**Raw data**
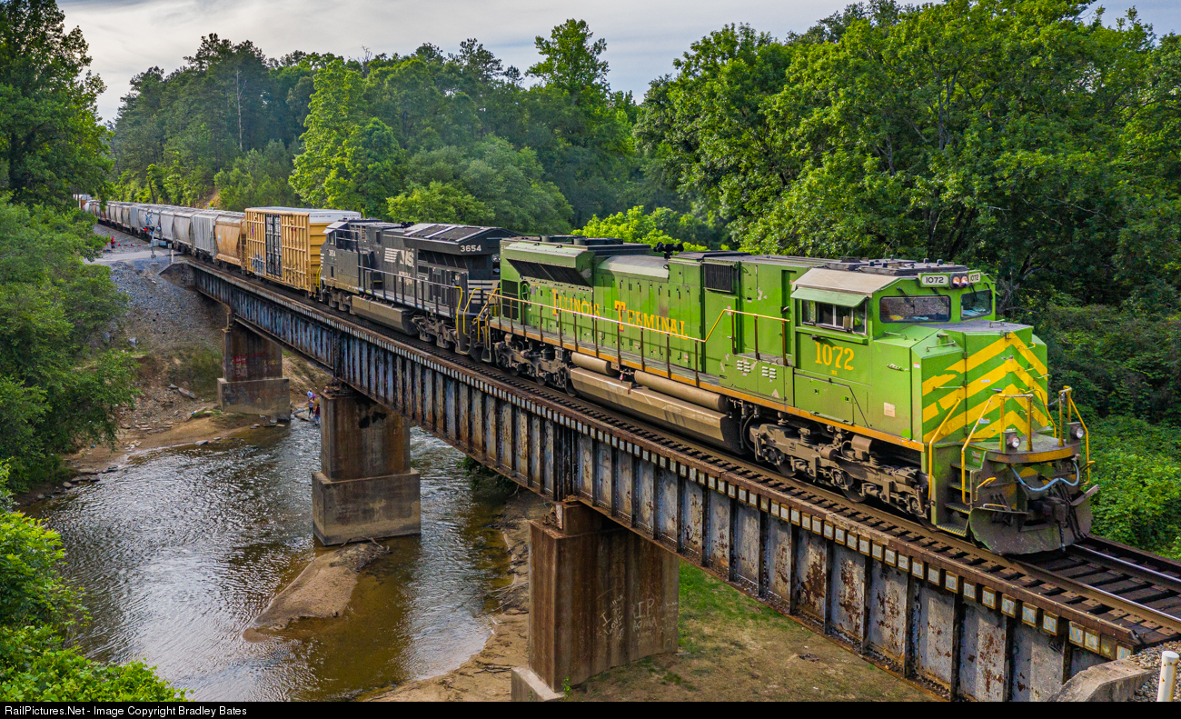 | Norfolk Southern's Illinois Terminal Heritage Locomotive #1072 leads Train 186 East as they cross the Tallapoosa River in Tallapoosa, GA. |
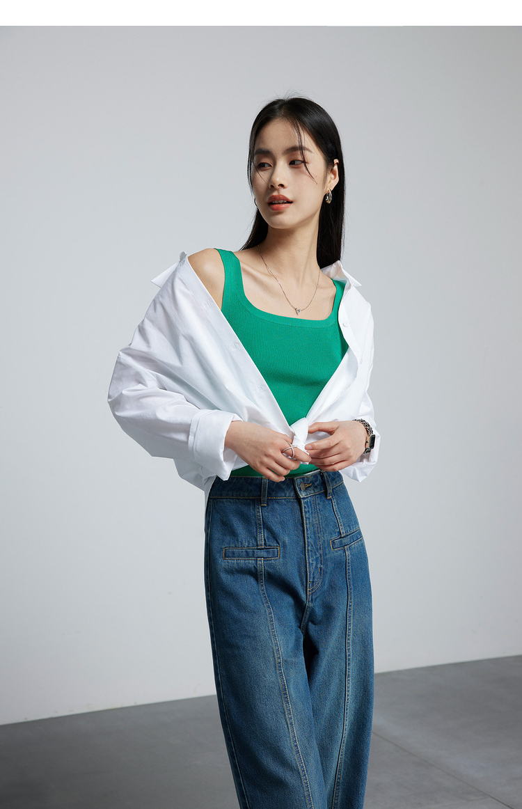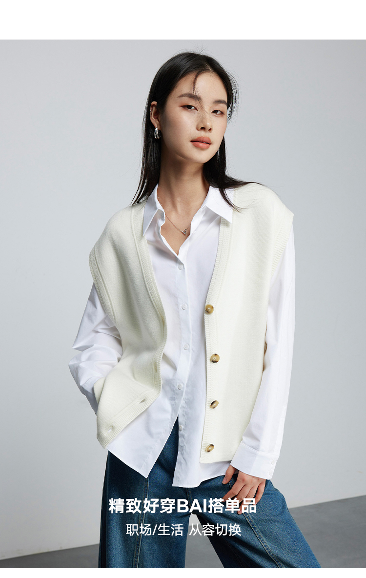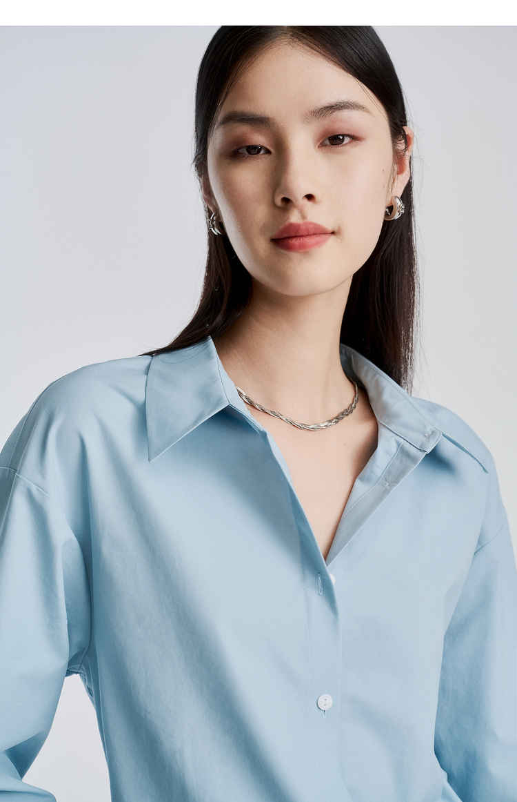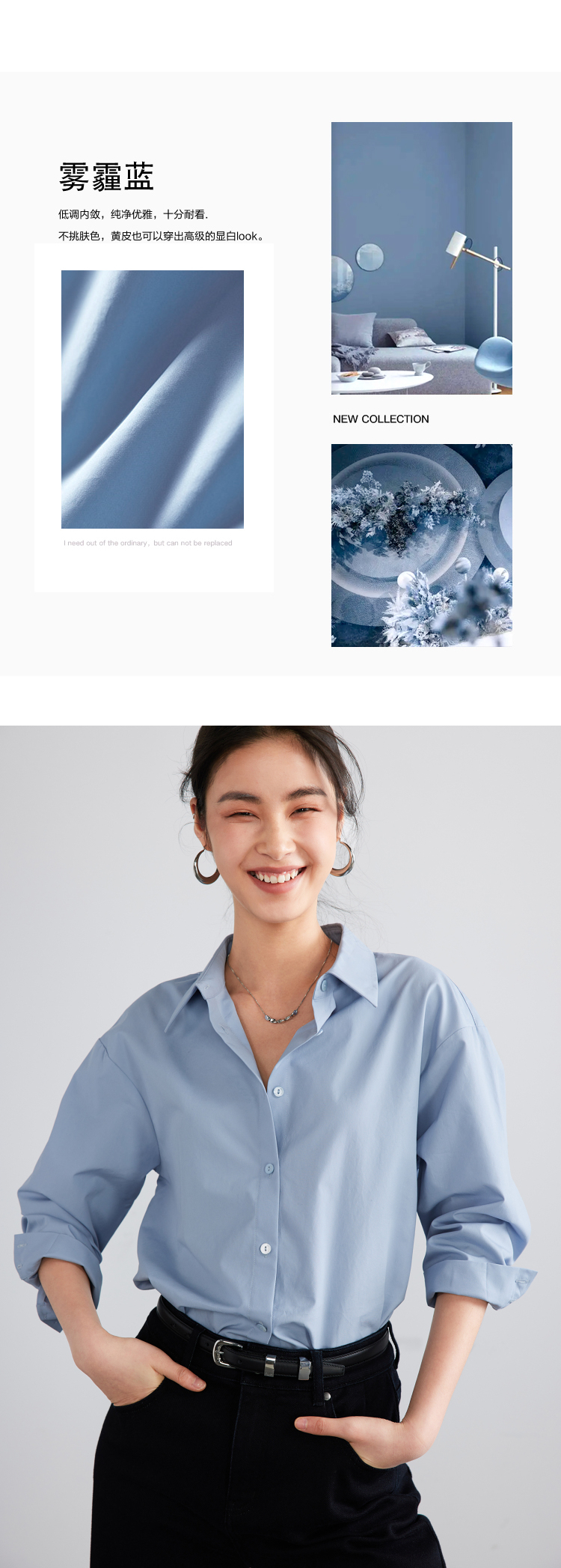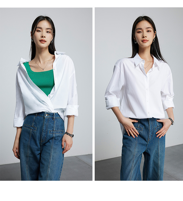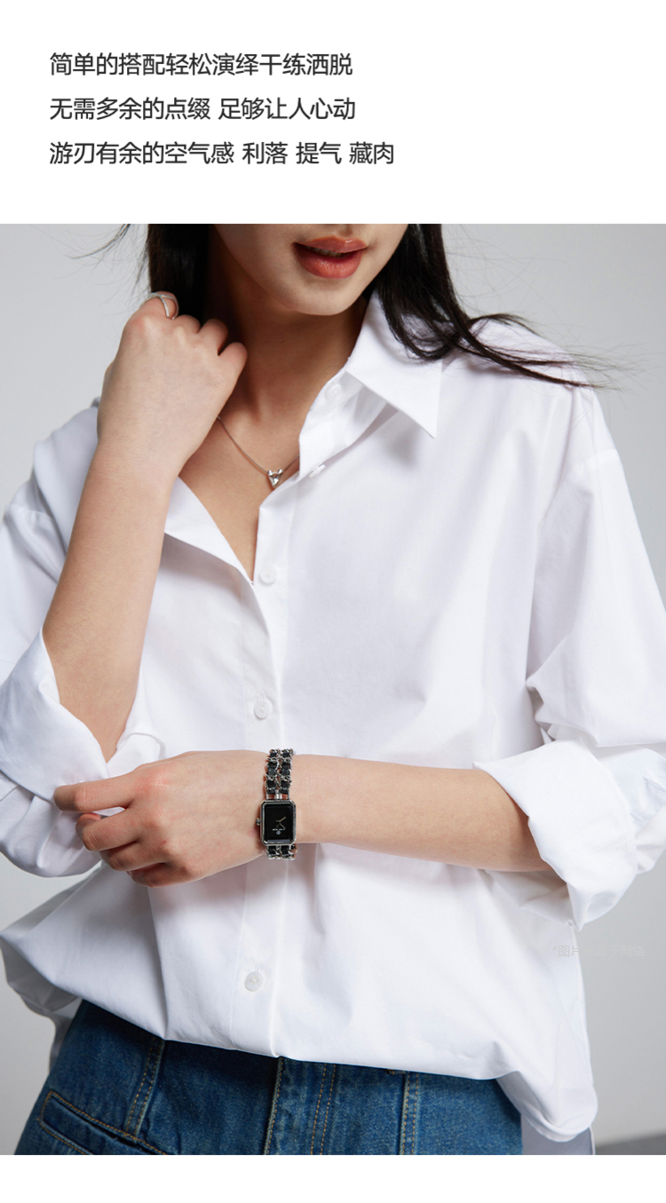 333604044棉仓-初棉OL风80s纯棉长袖白色衬衫女 微磨毛内搭气质长绒棉衬衣
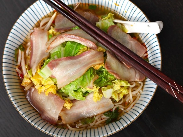 Sự kết hợp tuyệt vời giữa rau và thịt. Cho 2 lát thịt hun khói cắt thành từng miếng vừa ăn và một vài lá bắp cải thái nhỏ vào nồi khoảng 2 phút trước khi Mì chín. Chắc chắn những lát thịt hun khói sẽ bị "xơi tái" đầu tiên, nhưng đừng lo - chúng vẫn để lại cho bát Mì mùi vị béo ngậy tới từng giọt nước dùng cuối cùng.
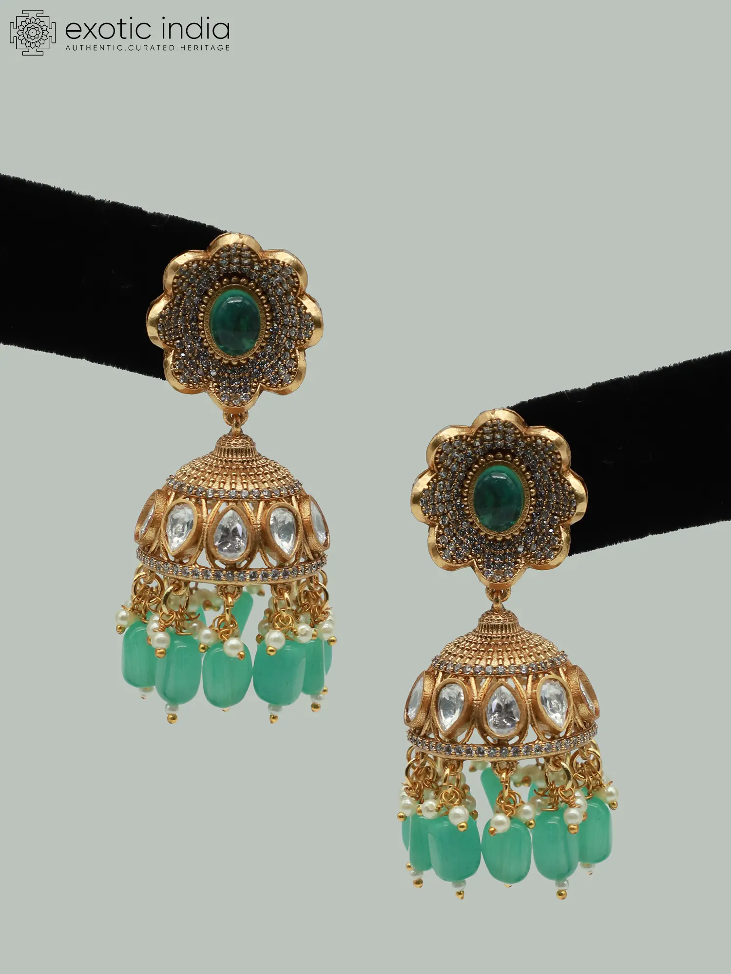 Features a prominent green stone centerpiece surrounded by intricate Kundan work.

**Work to complete**
Repeat, exactly and only, the lines from the one containing "Sự kết hợp tuyệt" through the final line of the data, both ends included, leaving out any picture.

**Exercise result**
 Sự kết hợp tuyệt vời giữa rau và thịt. Cho 2 lát thịt hun khói cắt thành từng miếng vừa ăn và một vài lá bắp cải thái nhỏ vào nồi khoảng 2 phút trước khi Mì chín. Chắc chắn những lát thịt hun khói sẽ bị "xơi tái" đầu tiên, nhưng đừng lo - chúng vẫn để lại cho bát Mì mùi vị béo ngậy tới từng giọt nước dùng cuối cùng.
 Features a prominent green stone centerpiece surrounded by intricate Kundan work.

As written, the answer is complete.